A security flaw in the SwiftKey-developed keyboards pre-installed on Samsung smartphones is leaving at least 600 million devices vulnerable to hackers. The flaw, discovered by security firm NowSecure, could allow hackers to take control over those devices, which use unencrypted connections to update when users download new language packs.
Those unsecure connections leave a hole that hackers could exploit if users connect to the Internet over unsecure Wi-Fi networks, which users typically encounter when they're out and about.
Through this vulnerability, a hacker could potentially access a phone's GPS, camera and microphone; install malware; eavesdrop on phone calls or see text messages; or even access a user's personal data, such as their photos, NowSecure said.

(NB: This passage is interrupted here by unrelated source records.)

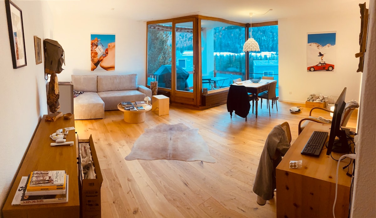 Our newly renovated and cosy loft-apartment with a Scandinavian touch offers you an open view to the upper Engadin Valley. It is located at a calm and sunny spot in La Punt and is a perfect nest for all kind of outdoor activities. As a part of the La Mora 4 star residence you can use a shared sauna, a games and billiard room and a reception desk. It is easily accessible either by public transport or car. Hotel standard bed sheets, towels and kitchen towels are included in the cleaning fee.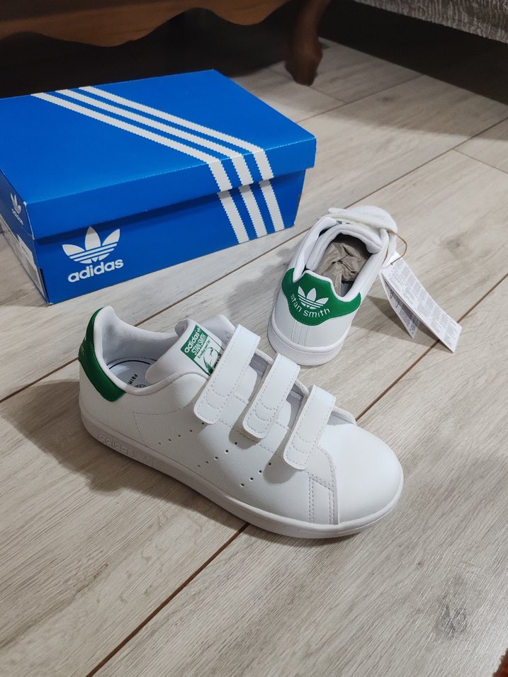 Adidas beyaz spor ayakkabılar, velcro bantlı ve kauçuk tabanlıdır. Streetwear tarzı ve athleisure rahatlığını bir arada sunar. Topuk tipi stiletto, desensiz tasarım.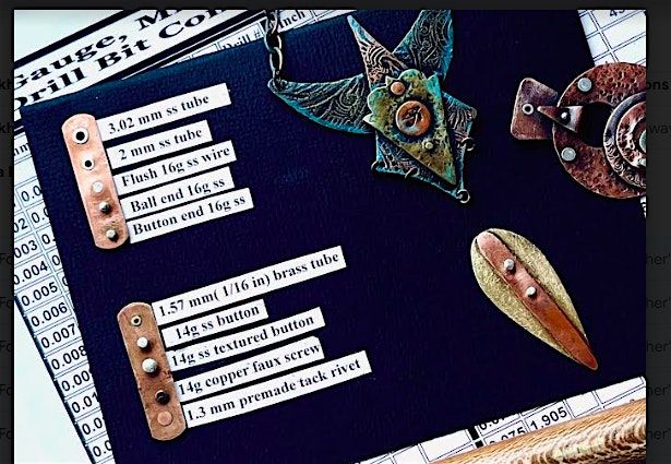In this class you will advance from basic premade tack riveting and add a variety of new riveting techniques to approach more complex designs and architecture. Creating and setting tack head, nail head, ball head, button rivets and eyelets from tubing, you’ll learn to drill precise holes for thicker rivets and more layered pieces. You’ll also learn to use rivets both functionally and decoratively.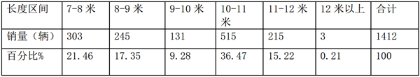 在该区域7米以上客车共计销售1412辆。具体见下表: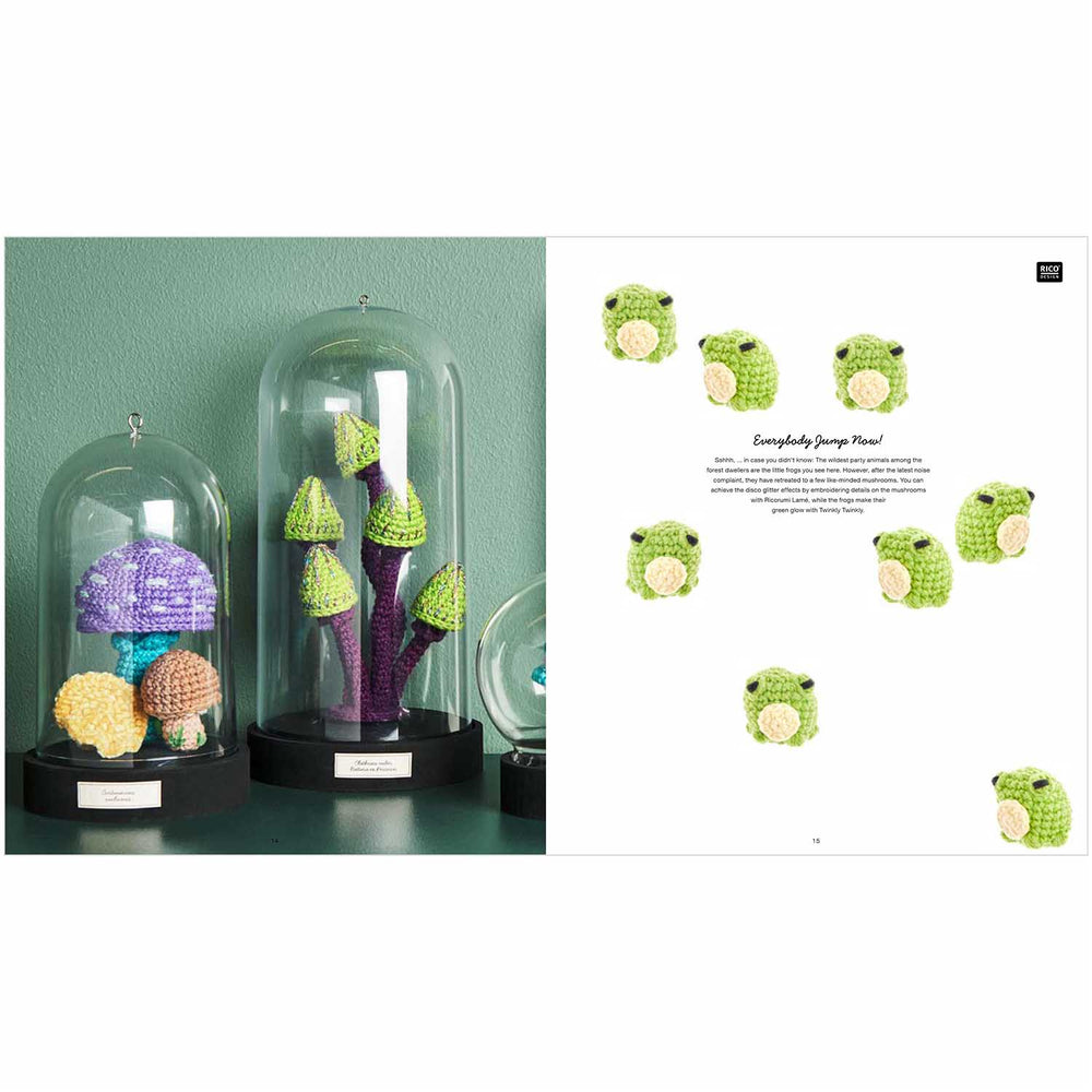 The Ricorumi Shrooom Book contains 16 designs. Crochet every type and size of shroom imaginable, along with a snail and various forest accessories! Note, the English version uses North American terminology.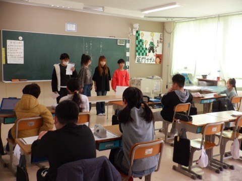 「生活調査隊」の活動でクラスの友だちにアンケートを取って調べたことを発表しました。話し方に強弱をつけたり,グラフの資料をつくったりして,わかりやすく伝えようと工夫して発表していました。

The vulnerability applies to Samsung's latest flagship phone the Galaxy S6 as well as the Galaxy S5, Galaxy S4 and the Galaxy S4 Mini models from Verizon, AT&T, Sprint and T-Mobile, according to NowSecure, which said that more devices may also be impacted. If you're feeling particularly geeky, you can see how the hack plays out in the video below.
NowSecure reported the weakness to Samsung in December. Since then, Samsung has sent carriers a patch to fix the issue, Forbes reported, but its unclear how many carriers have delivered that update to their users. SwiftKey, meanwhile, has issued a statement saying the issue only affects the Samsung pre-installed version of its software, which means users that who downloaded the company's app from Google Play or the Apple App Store are not at risk.
If you own a Samsung device and are concerned about this bug, NowSecure advises that you do not use insecure Wi-Fi networks, that use switch to a different device entirely or that you reach out to your carrier for information about whether or not your device is at risk.